My data X shape is (39785, 1727) and y is (39785,). Y is numeric (actually ordinal).

The eval function is simply this, where I put a print in to see the shape of the true y.

def kappa(y_true, y_predict):
    print(y_true.shape)
    return ml_metrics.quadratic_weighted_kappa(y_true.ravel(),y_predict.astype(int).ravel())

Here is the net setup:

layers0 = [('input', InputLayer),
           ('dense0', DenseLayer),
           ('dropout0', DropoutLayer),
           ('dense1', DenseLayer),
           ('output', DenseLayer)]

num_features = X_train.shape[1]

net0 = NeuralNet(layers=layers0,

                 input_shape=(None, num_features),

                 dense0_num_units=500,
                 dropout0_p=0.5,
                 dense1_num_units=500,

                 output_num_units=1,
                 output_nonlinearity=None,

                 update=nesterov_momentum,
                 update_learning_rate=0.0001,
                 update_momentum=0.9,
                 regression=True,

                 verbose=1,
                 max_epochs=50,

                 batch_iterator_train=BatchIterator(batch_size=5000),
                 batch_iterator_test=BatchIterator(batch_size=5000),

                 train_split=TrainSplit(eval_size=0.5),
                 custom_score = ('kappa',kappa)

                )

Questions:

1) What is the effect of having a separate batch_iterator_train and batch_iterator_test? I imagined that 50,000 records are sampled from the training set and given the eval_size that 50% of them would be for training and 50% would be used for validation in the progress print out. So, I am not sure the effect of the batch_iterator_test.

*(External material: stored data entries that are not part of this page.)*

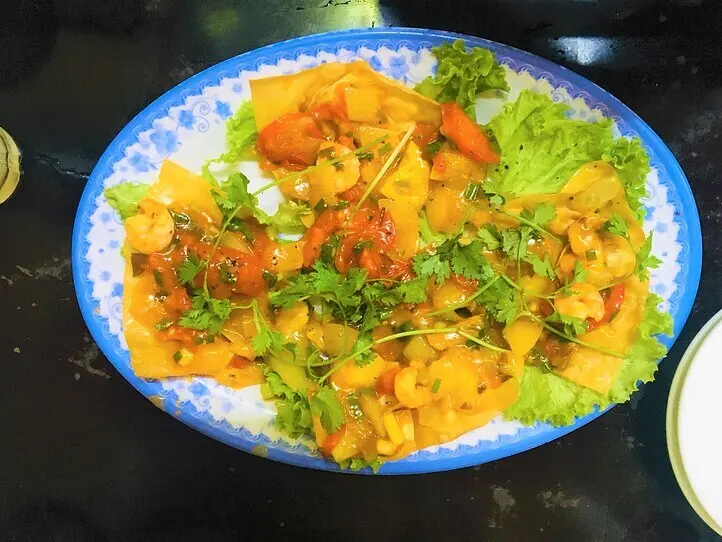 パリパリになった揚げワンタンにたくさんの具が乗っていて、「ホイアンピザ」という別名もうなづけます。皮がとても香ばしくておいしいです。
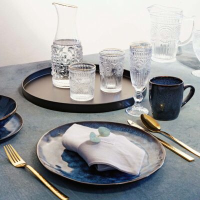 Назначение КувшинKUBBE с золотой крышкой — элегантный аксессуар, который должен присутствовать на столе как каждый день, так и по торжественным случаям. Универсальная эстетика стеклянного изделия позволяет ему вписываться в интерьеры, оформленные в любом стиле — как в минималистическом, любящем простоту, так и в королевских гламурных аранжировках. KUBBE очень практичен — он вмещает 1,8 литра напитка,…
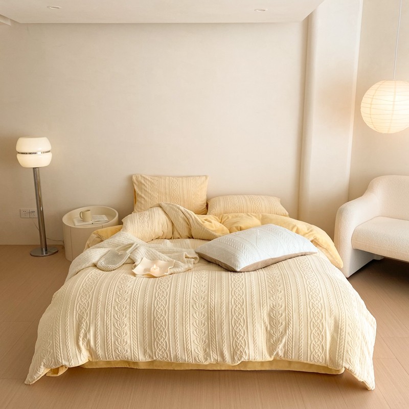 (总)梦享生活 2022新款牛奶雕花绒四件套,花枝-奶黄,花枝-灰,花枝-粉,菱形格-绿,菱形格-白
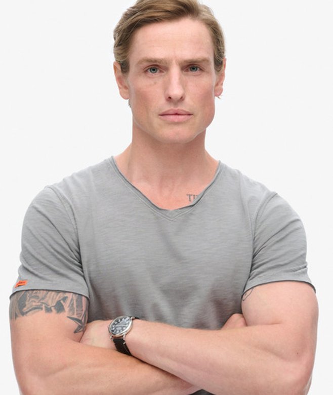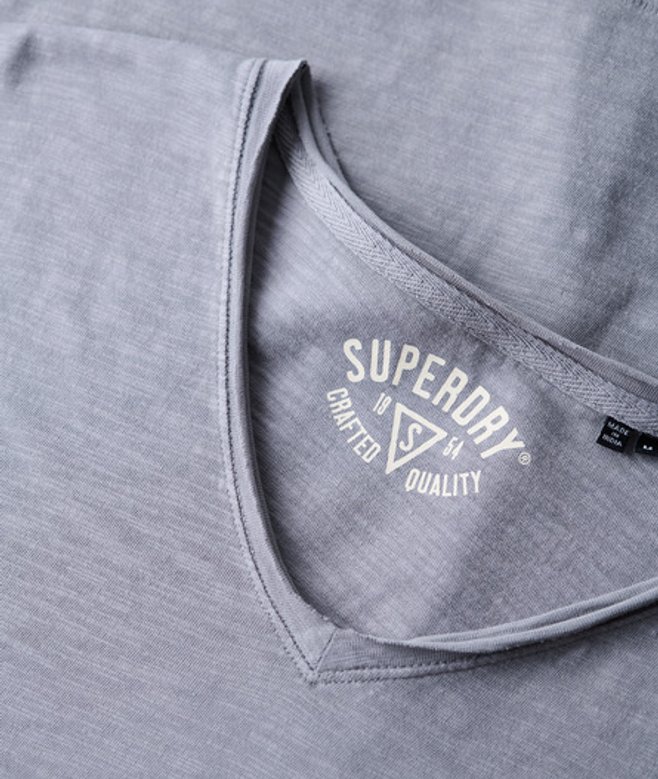 Superdry Raw Edge T-shirt van Slubgaren met V-hals Grijs

2) For the custom score, is y_true and y_predict training or validation? Can you access and print both?

3) For the custom score I printed out the shape of y_true and 1 epoch is below. Why is the function called 4 times instead of just once? Is the resulting 'kappa' printed below the average of the 4 mini-batches?

(5000, 1)
(5000, 1)
(5000, 1)
(4893, 1)
  epoch    train loss    valid loss    train/val     kappa  dur
-------  ------------  ------------  -----------  --------  -----
      1      39.74356      28.53488      1.39281  -0.01199  5.53s
dnouri commented 8 years ago

1) What is the effect of having a separate batch_iterator_train and batch_iterator_test?

I usually do data augmentation the training examples only, thus only in batch_iterator_train.

2) For the custom score, is y_true and y_predict training or validation? Can you access and print both?

You can only access the validation examples, which is what you're passed.

3) For the custom score I printed out the shape of y_true and 1 epoch is below. Why is the function called 4 times instead of just once? Is the resulting 'kappa' printed below the average of the 4 mini-batches?

Yes it's the average. Your function is called once per batch. And thus you'll get matrices of size 5000 passed into your function.

BrianMiner commented 8 years ago

Thank you! In regards to Question #1 I think I am still a bit confused.

If I change the code to (note I comment out test) :

batch_iterator_train=BatchIterator(batch_size=10000),

batch_iterator_test=BatchIterator(batch_size=5000),

train_split=TrainSplit(eval_size=0.5),

It appears that the validation size becomes the default of 128. Is TrainSplit(eval_size=0.5) just ignored and doesn't have function?

If I do this:

batch_iterator_train=BatchIterator(batch_size=10000), batch_iterator_test=BatchIterator(batch_size=9000),

does this mean that of the 10,000 records per mini match that 9,000 are used for validation and only 1,000 for training?

dnouri commented 8 years ago

It appears that the validation size becomes the default of 128. Is TrainSplit(eval_size=0.5) just ignored and doesn't have function?

Ah, I think you're confusing batch size with train/validation split. The batch size is the number of examples used in each iteration of gradient descent. It has nothing to do with the size of the train or validation set overall.